* _STORED DATA_:

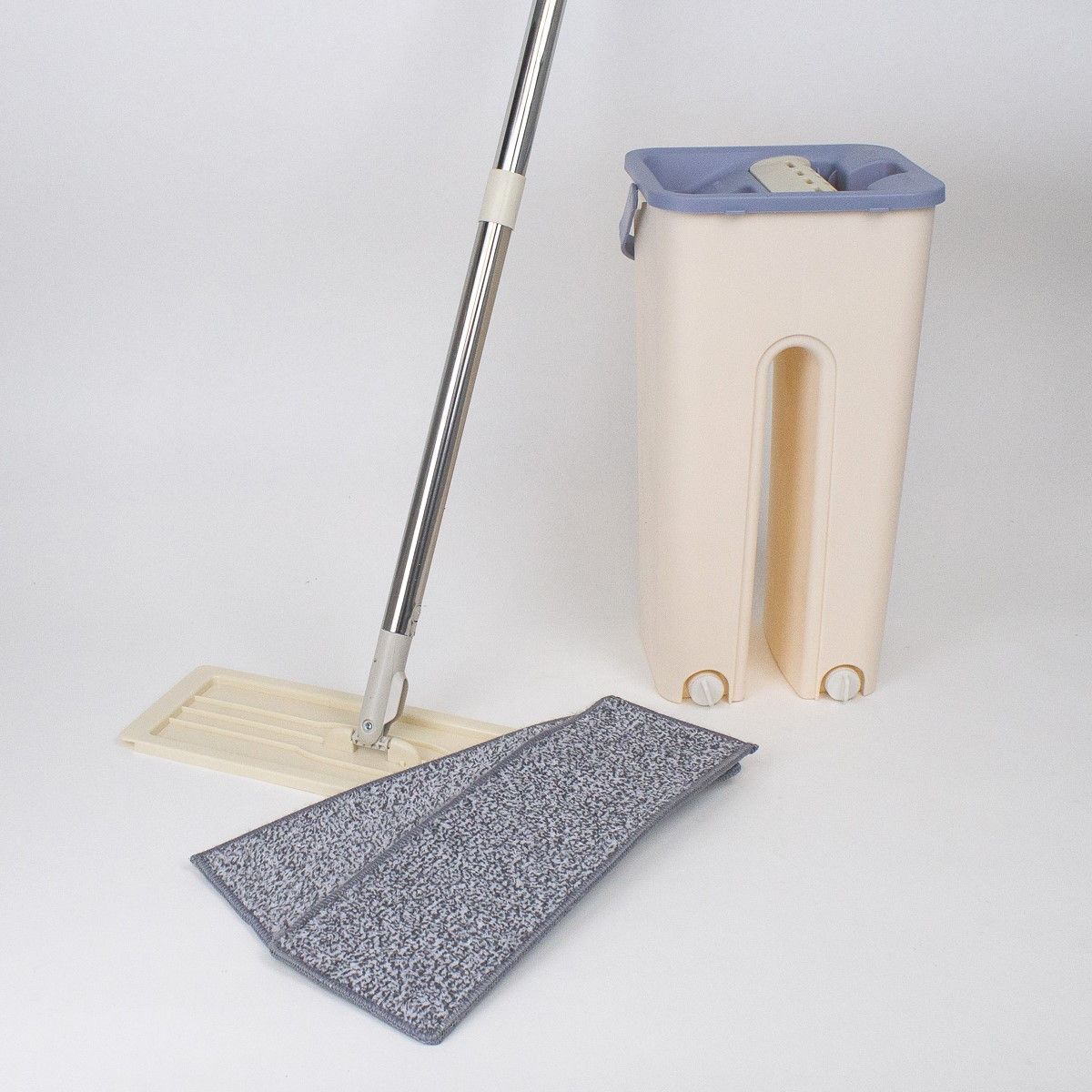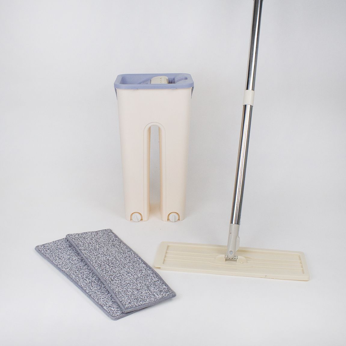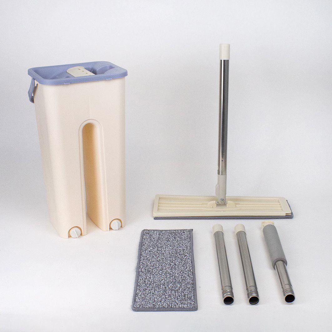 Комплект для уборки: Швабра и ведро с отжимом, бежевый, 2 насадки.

--

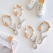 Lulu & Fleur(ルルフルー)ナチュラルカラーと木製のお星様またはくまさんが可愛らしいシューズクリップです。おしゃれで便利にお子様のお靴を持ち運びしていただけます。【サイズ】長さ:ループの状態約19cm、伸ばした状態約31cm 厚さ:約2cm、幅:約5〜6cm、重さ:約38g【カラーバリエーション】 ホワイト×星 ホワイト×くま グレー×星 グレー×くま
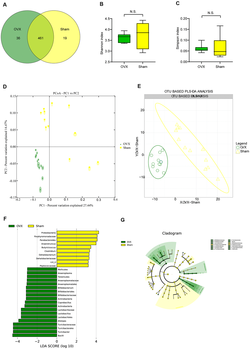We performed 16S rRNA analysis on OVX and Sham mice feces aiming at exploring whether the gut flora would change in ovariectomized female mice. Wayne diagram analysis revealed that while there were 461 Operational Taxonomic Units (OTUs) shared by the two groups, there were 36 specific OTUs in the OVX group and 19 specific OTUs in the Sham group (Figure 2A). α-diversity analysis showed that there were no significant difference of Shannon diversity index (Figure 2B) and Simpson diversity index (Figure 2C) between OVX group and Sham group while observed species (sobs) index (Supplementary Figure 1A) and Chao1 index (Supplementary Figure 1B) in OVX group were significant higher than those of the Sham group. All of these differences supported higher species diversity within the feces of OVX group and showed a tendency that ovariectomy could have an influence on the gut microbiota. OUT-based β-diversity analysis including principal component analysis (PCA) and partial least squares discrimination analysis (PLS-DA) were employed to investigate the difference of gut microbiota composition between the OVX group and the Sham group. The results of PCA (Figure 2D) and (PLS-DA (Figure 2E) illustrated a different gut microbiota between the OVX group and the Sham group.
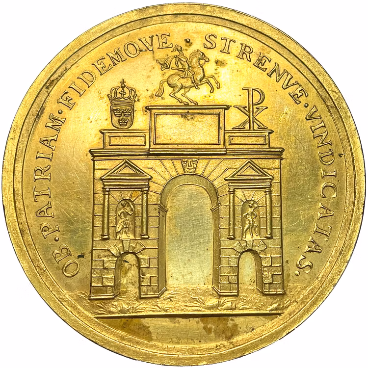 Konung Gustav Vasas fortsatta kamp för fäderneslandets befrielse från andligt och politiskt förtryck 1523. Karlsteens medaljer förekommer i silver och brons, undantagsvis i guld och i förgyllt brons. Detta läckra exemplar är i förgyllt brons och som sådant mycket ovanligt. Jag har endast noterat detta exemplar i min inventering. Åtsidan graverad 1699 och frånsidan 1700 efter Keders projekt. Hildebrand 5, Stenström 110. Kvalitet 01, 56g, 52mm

---

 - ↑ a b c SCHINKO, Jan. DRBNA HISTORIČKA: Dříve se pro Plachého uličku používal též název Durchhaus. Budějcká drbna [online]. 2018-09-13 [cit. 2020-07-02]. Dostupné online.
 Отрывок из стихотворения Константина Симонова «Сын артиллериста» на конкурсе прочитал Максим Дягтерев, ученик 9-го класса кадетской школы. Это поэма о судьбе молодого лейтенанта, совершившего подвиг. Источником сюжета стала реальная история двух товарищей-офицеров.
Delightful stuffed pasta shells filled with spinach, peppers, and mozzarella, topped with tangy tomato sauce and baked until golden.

* _WORK ORDER_: Of the entries above, transcribe exactly those lines that fall between the line containing "- ↑ a b c SCHINKO, Jan." and the line containing "Delightful stuffed pasta", together with those two lines.

* _YOUR RESPONSE_:
 - ↑ a b c SCHINKO, Jan. DRBNA HISTORIČKA: Dříve se pro Plachého uličku používal též název Durchhaus. Budějcká drbna [online]. 2018-09-13 [cit. 2020-07-02]. Dostupné online.
 Отрывок из стихотворения Константина Симонова «Сын артиллериста» на конкурсе прочитал Максим Дягтерев, ученик 9-го класса кадетской школы. Это поэма о судьбе молодого лейтенанта, совершившего подвиг. Источником сюжета стала реальная история двух товарищей-офицеров.
Delightful stuffed pasta shells filled with spinach, peppers, and mozzarella, topped with tangy tomato sauce and baked until golden.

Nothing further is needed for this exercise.